KUALA LUMPUR (Aug 21): Shares of AMMB Holdings Bhd (KL:AMBANK) on Wednesday surged to its highest in more than decade as investors and analysts cheered better-than-expected results by the country’s sixth-largest bank by assets.
AMMB rose by as much as 20 sen or 4% to RM5.21. The stock closed at RM5.11, its highest since December 2013, giving the company a market capitalisation of RM16.94 billion. Trading volume totalled 19.77 million shares, more than triple the 200-day moving average.
While net profit for the first quarter ended June 30, 2024 (1QFY2025) was just slightly ahead and made up 28% of consensus full-year forecasts, analysts took note of the jump in net interest margin.
“We continue to note some encouraging developments in its expected numbers going forward,” including improvements in net credit costs and likely margin expansions, said Public Investment Bank which kept the stock on ‘trading buy’ call.
The rating means that the stock return is expected to exceed a relevant benchmark’s return by 5% or more over the next three months but the underlying fundamentals are not strong enough to warrant an ‘outperform’ call.
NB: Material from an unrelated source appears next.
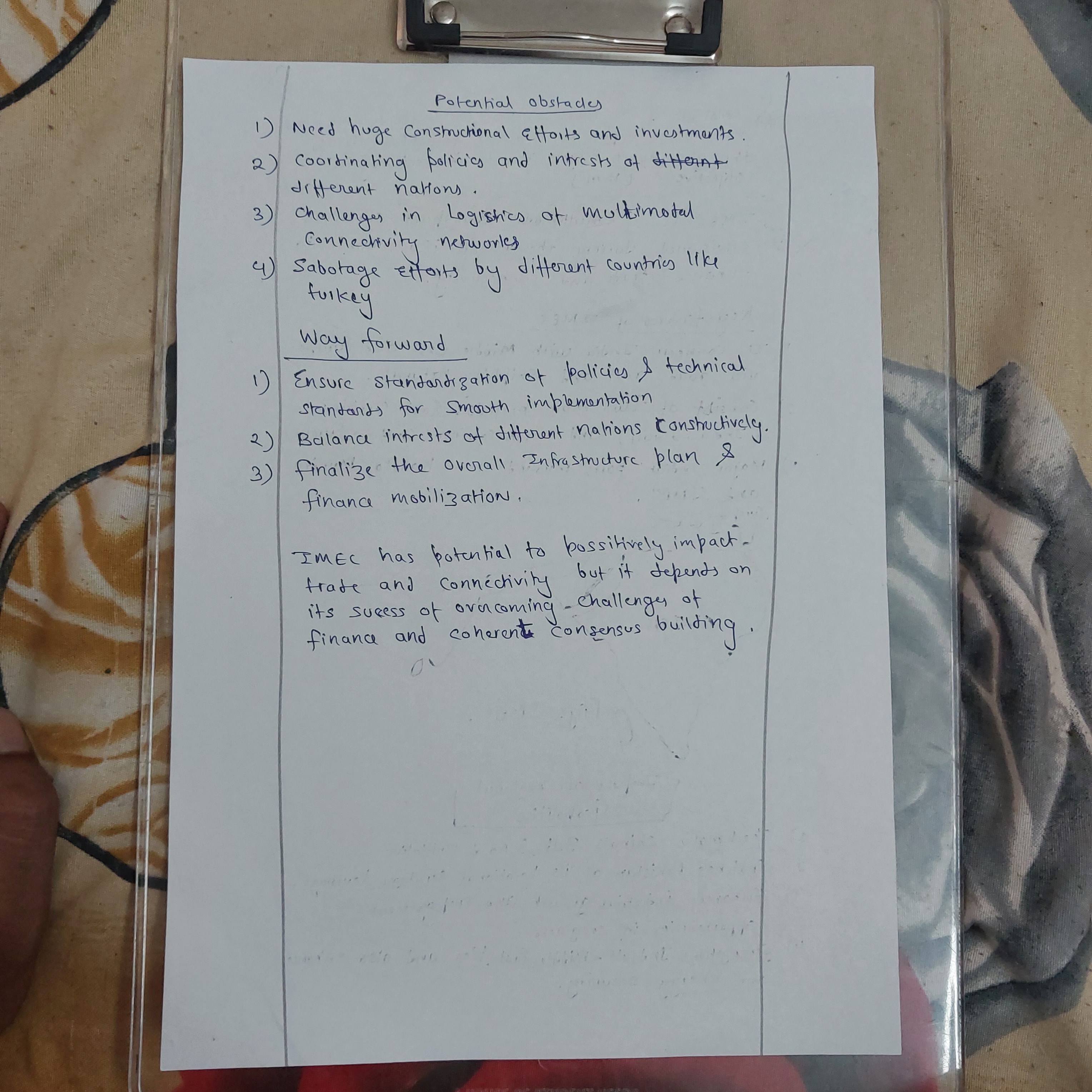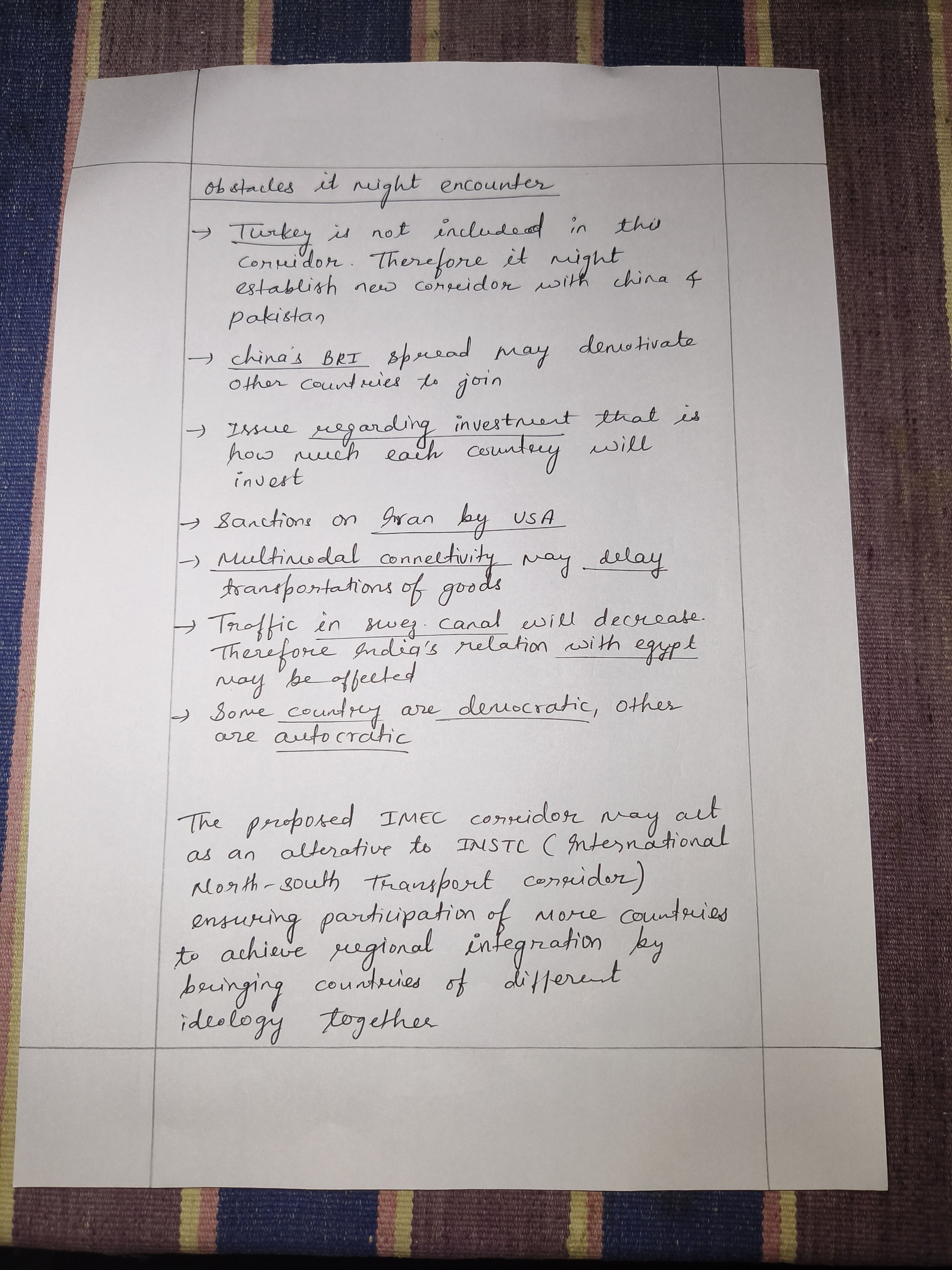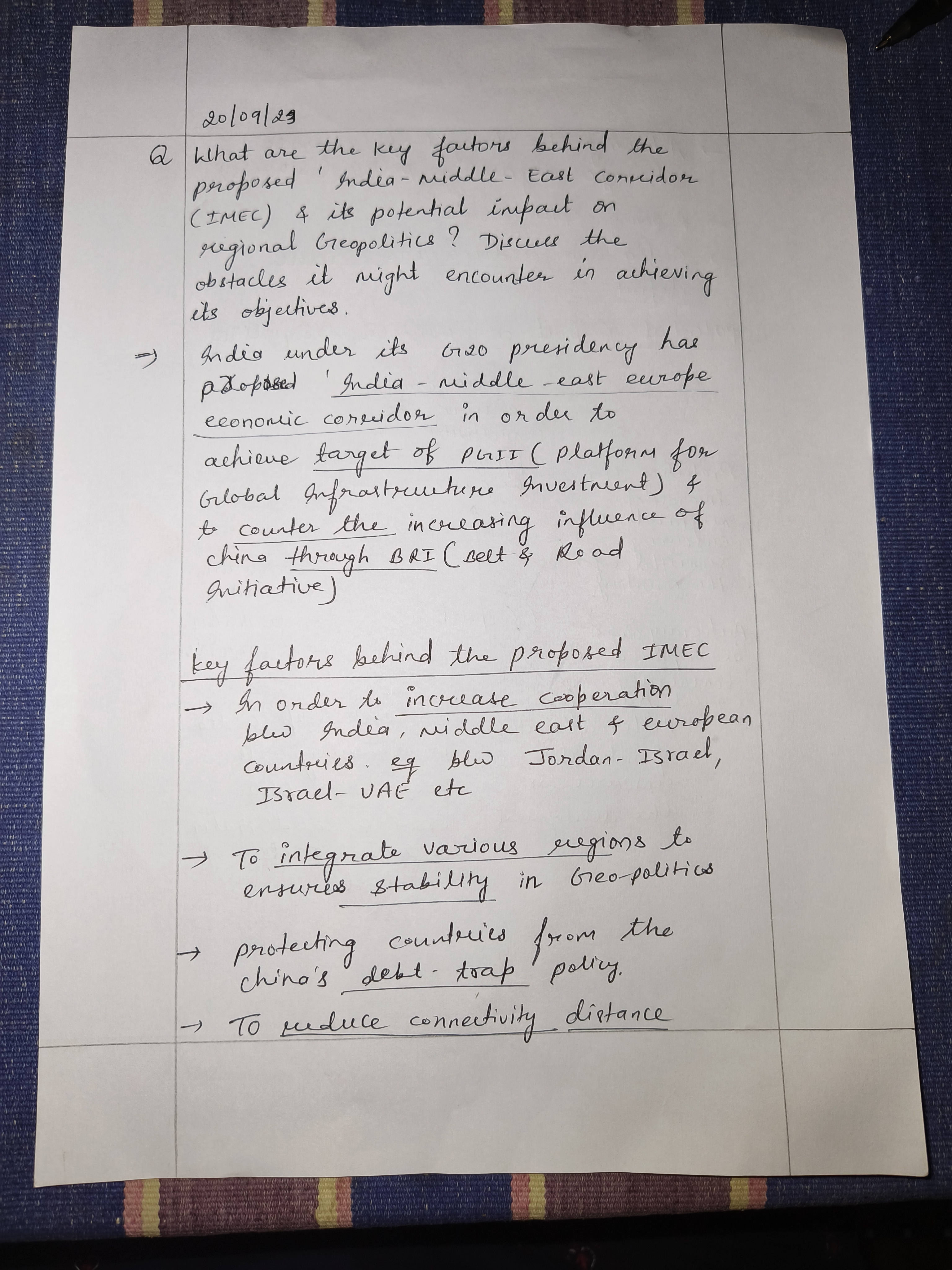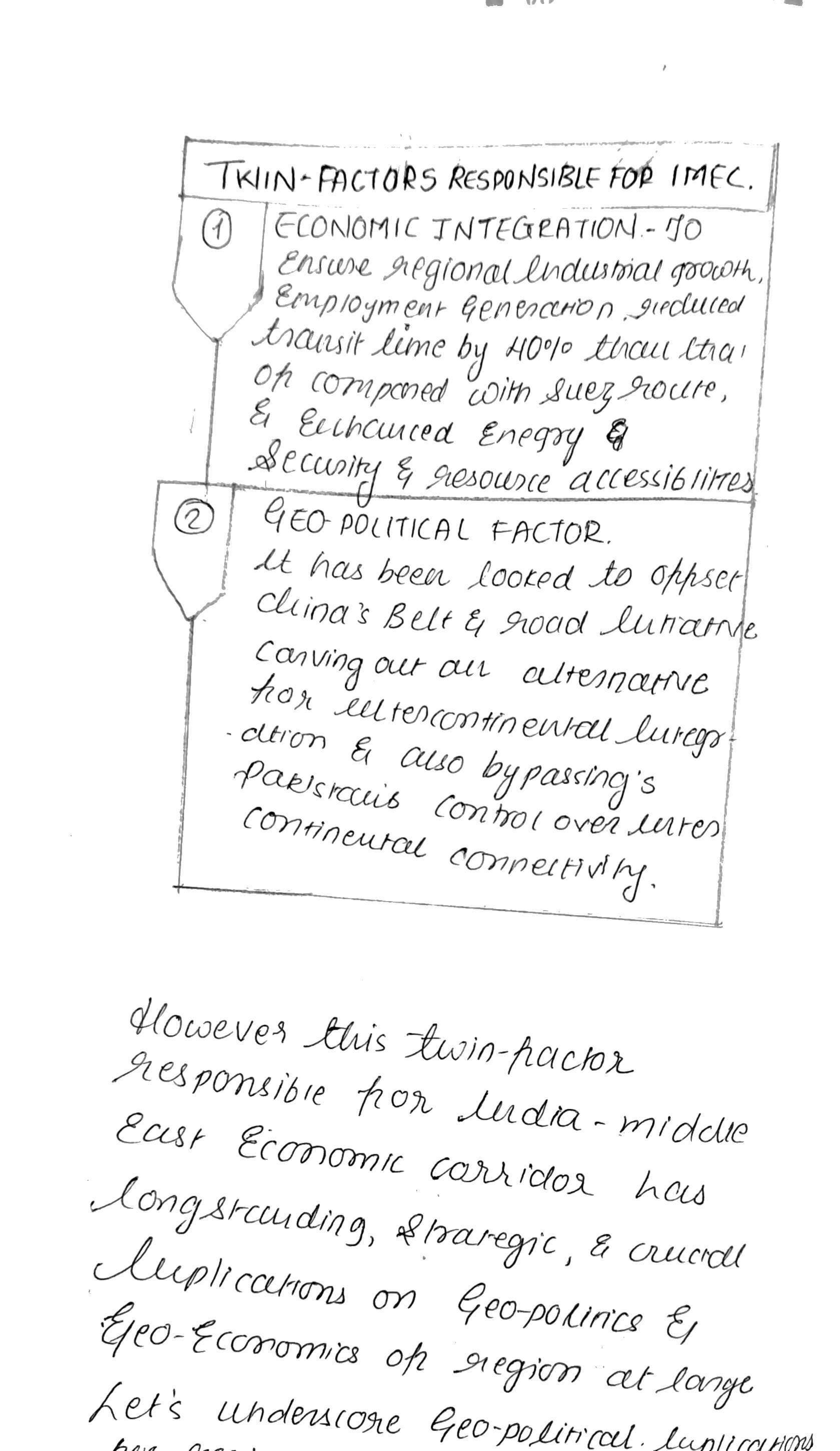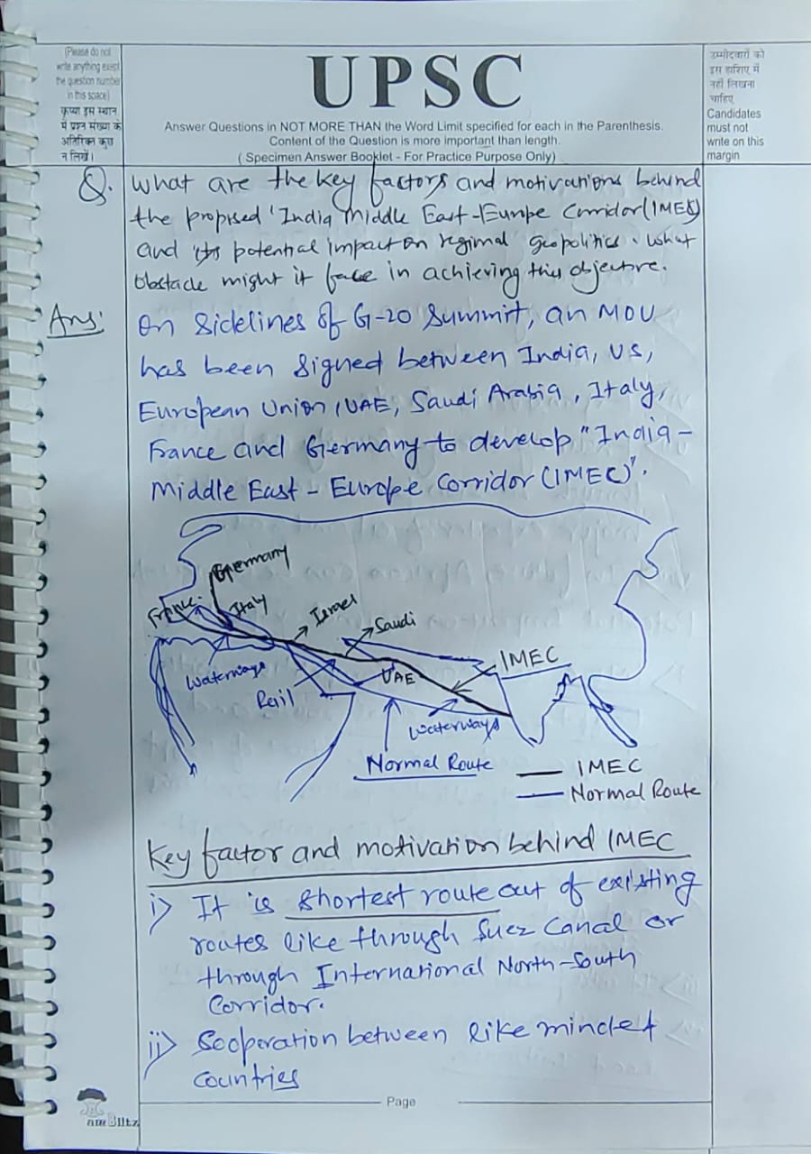 - Introduction: Begin by introducing the India-Middle East-Europe Corridor (IMEC) as a significant geo-economic initiative, highlighting its unveiling at the G20 Summit in New Delhi.

Shares of AMMB have climbed more than 27% year to date. As direct proxies to economic growth, Malaysian banking stocks have staged a broad rally following release of stronger-than-expected gross domestic product data.
Analysts also remained bullish, with 14 out of 15 research houses having ‘buy’ calls on AMMB and only one ‘sell’ call. The consensus 12-month target price is RM5.43, according to Bloomberg, implying a potential return of 6.3% from its last price.
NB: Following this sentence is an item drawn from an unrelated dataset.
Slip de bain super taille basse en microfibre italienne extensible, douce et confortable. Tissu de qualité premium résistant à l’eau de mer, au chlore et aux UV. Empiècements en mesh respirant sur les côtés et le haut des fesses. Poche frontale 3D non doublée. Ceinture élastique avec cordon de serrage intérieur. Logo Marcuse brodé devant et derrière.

In particular, analysts took note of the jump in AMMB’s net interest margin (NIM) — a measure of profitability from interest charged on loans after paying returns on deposits — which may further improve in coming quarters as deposit competition eases.
“We see NIM widening slightly next quarter as management further optimizes its funding cost” while competition for fixed deposits remains “benign,” said Hong Leong Investment Bank.
AMMB’s NIM expanded 10 basis points quarter-on-quarter and 13 basis points on a year-on-year basis to 1.89% in 1QFY2025. That compares with the company’s own target of raising NIM to 1.9% for the entire FY2025.
“There is now convincing evidence of sustained lesser competition in the fixed deposit segment, with promotion rates normalizing” towards the 3.50%, said CIMB Securities.
Larger banks now offer one-year promotion rates at 3.6% compared with 3.9% early this year and a peak of 4.2% in 2023 and only some foreign banks and smaller Islamic and development banks market their fixed deposit rates at 3.8% or above, the house noted.
Further, credit costs — a measure of provisions for potential losses on loans and write off of bad loans — was also softer than expected in 1QFY2025 at only 11 basis points compared with the company’s own target of up to 35 basis points for FY2025.
AMMB is “actively working on recoveries from large defaulted accounts, which could provide some upside to credit costs,” with an overlay balance of RM541 million, or about 27% of total provisions, said RHB Investment Bank.